● Data supplied
☆ ☆ ☆

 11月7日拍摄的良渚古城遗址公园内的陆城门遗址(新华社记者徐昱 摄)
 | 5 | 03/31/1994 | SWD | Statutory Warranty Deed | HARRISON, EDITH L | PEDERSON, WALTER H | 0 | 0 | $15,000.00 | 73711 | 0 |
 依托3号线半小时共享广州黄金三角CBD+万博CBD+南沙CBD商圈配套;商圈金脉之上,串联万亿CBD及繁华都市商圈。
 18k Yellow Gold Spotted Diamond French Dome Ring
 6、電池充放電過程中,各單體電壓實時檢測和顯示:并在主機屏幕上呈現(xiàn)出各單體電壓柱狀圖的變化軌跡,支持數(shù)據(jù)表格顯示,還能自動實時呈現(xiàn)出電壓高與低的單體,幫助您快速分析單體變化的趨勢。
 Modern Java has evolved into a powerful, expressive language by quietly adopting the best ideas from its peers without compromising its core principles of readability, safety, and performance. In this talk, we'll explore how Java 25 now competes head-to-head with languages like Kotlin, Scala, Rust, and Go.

☆ ☆ ☆

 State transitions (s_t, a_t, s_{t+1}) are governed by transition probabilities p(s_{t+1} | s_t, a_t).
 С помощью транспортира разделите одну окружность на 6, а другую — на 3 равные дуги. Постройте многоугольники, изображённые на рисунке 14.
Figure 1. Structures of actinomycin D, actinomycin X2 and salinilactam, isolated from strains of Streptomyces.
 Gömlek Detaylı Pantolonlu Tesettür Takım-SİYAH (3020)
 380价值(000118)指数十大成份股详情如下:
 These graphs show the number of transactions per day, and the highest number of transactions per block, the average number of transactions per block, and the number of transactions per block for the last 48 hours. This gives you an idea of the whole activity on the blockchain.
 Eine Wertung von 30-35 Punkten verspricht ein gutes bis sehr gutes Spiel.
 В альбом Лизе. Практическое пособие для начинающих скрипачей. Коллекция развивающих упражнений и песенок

☆ ☆ ☆

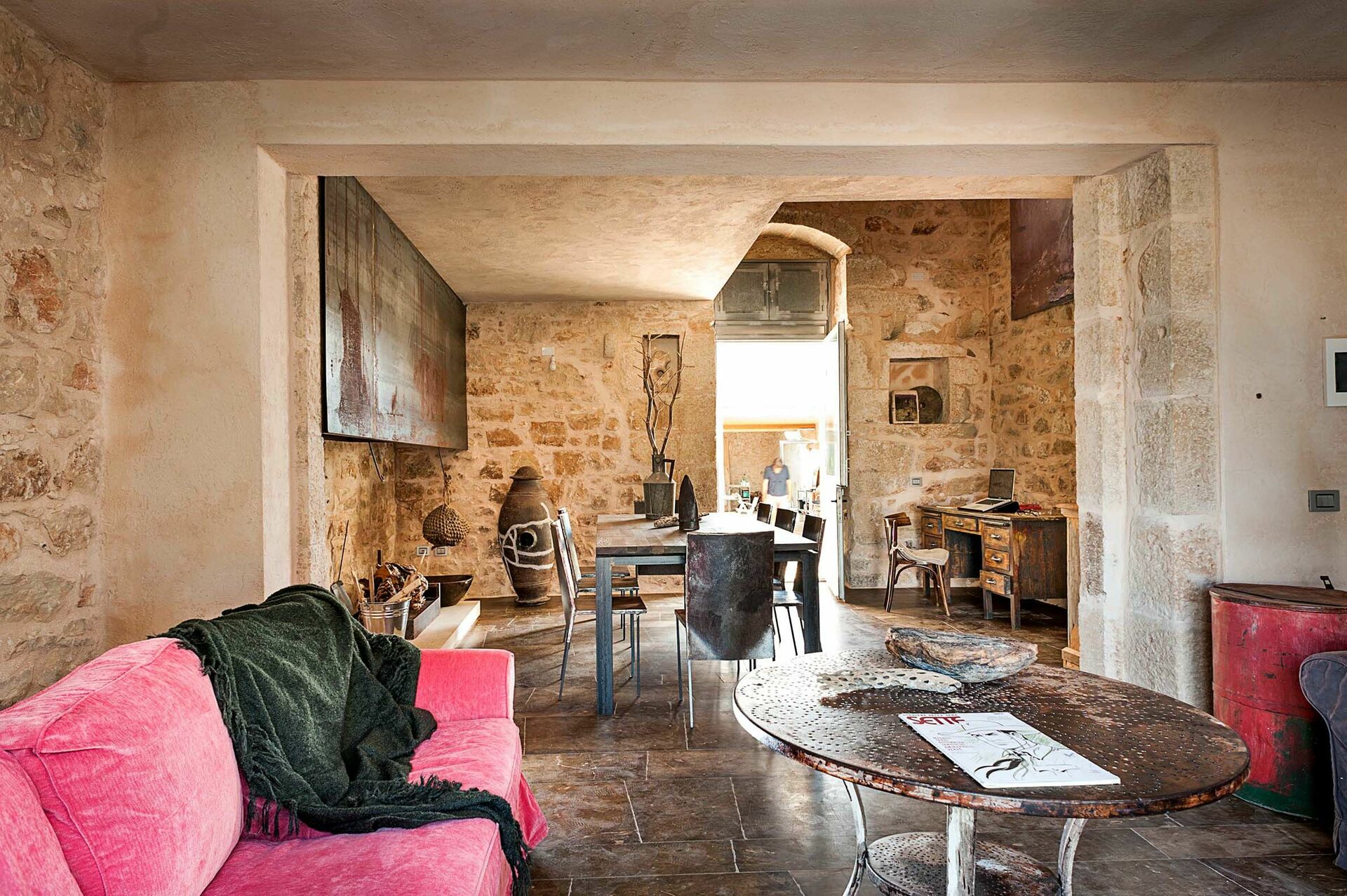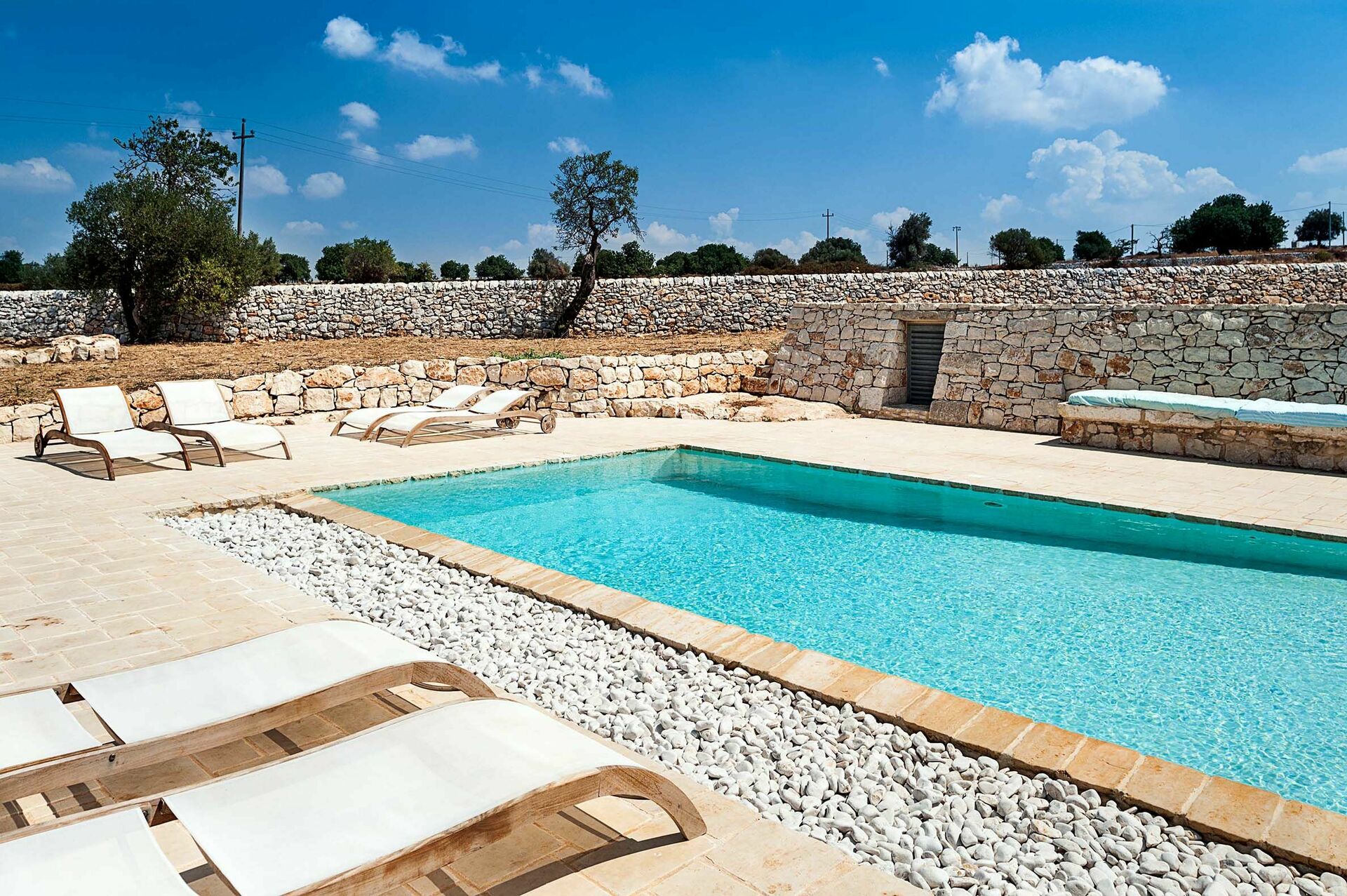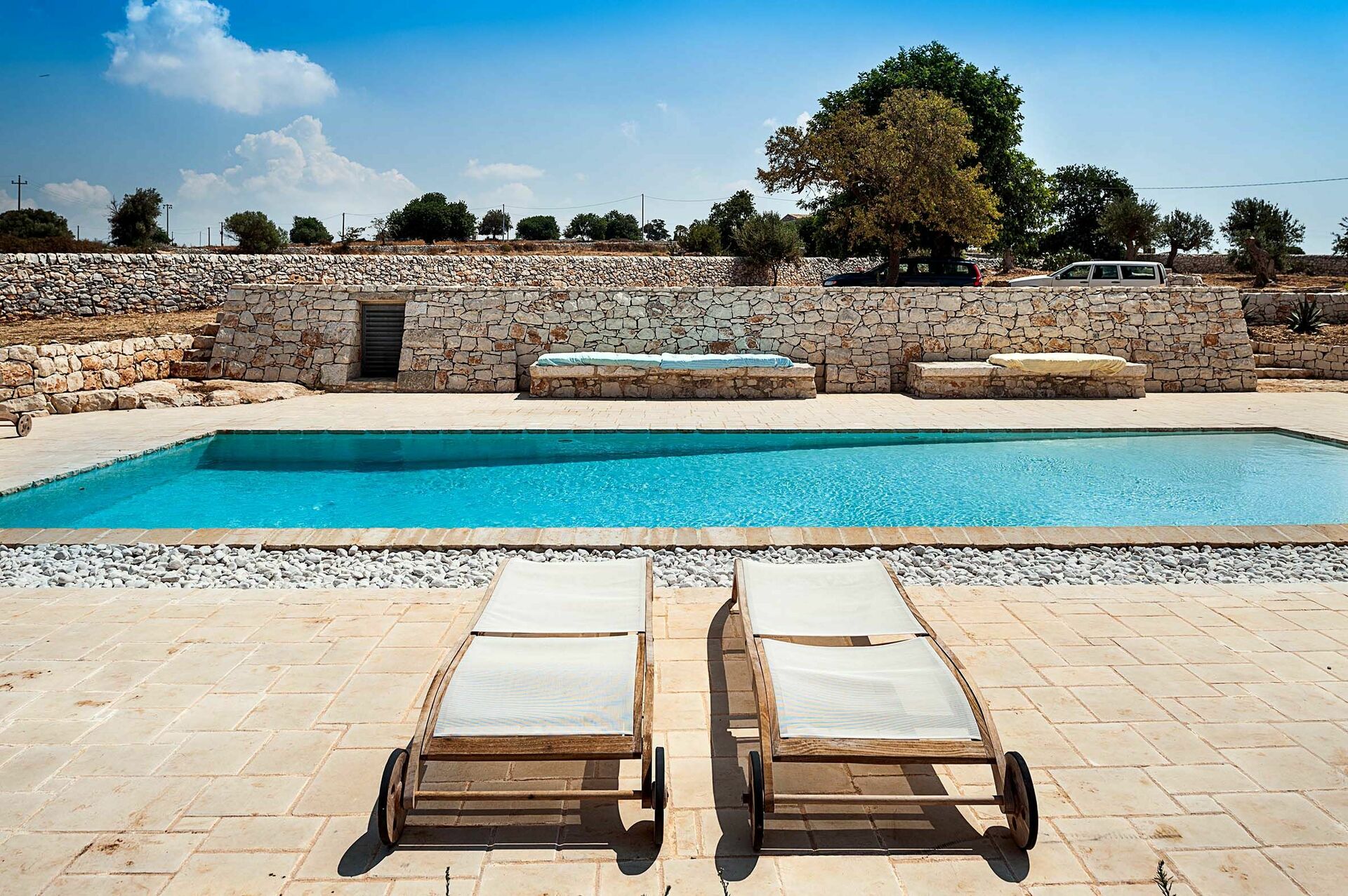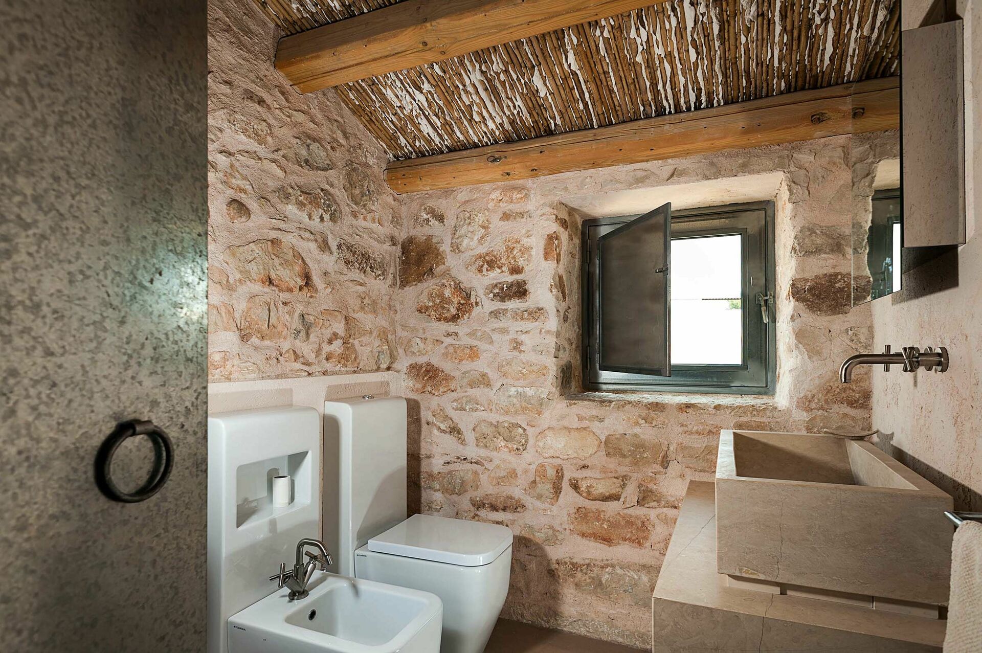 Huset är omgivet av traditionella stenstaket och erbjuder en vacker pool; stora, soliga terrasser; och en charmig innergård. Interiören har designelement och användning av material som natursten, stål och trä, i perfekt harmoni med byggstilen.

☆ ☆ ☆

● Assignment
Within the material above, the line with "These graphs show" opens the range and the line with "В альбом Лизе." closes it; reproduce that range word for word.

● Completed task
 These graphs show the number of transactions per day, and the highest number of transactions per block, the average number of transactions per block, and the number of transactions per block for the last 48 hours. This gives you an idea of the whole activity on the blockchain.
 Eine Wertung von 30-35 Punkten verspricht ein gutes bis sehr gutes Spiel.
 В альбом Лизе. Практическое пособие для начинающих скрипачей. Коллекция развивающих упражнений и песенок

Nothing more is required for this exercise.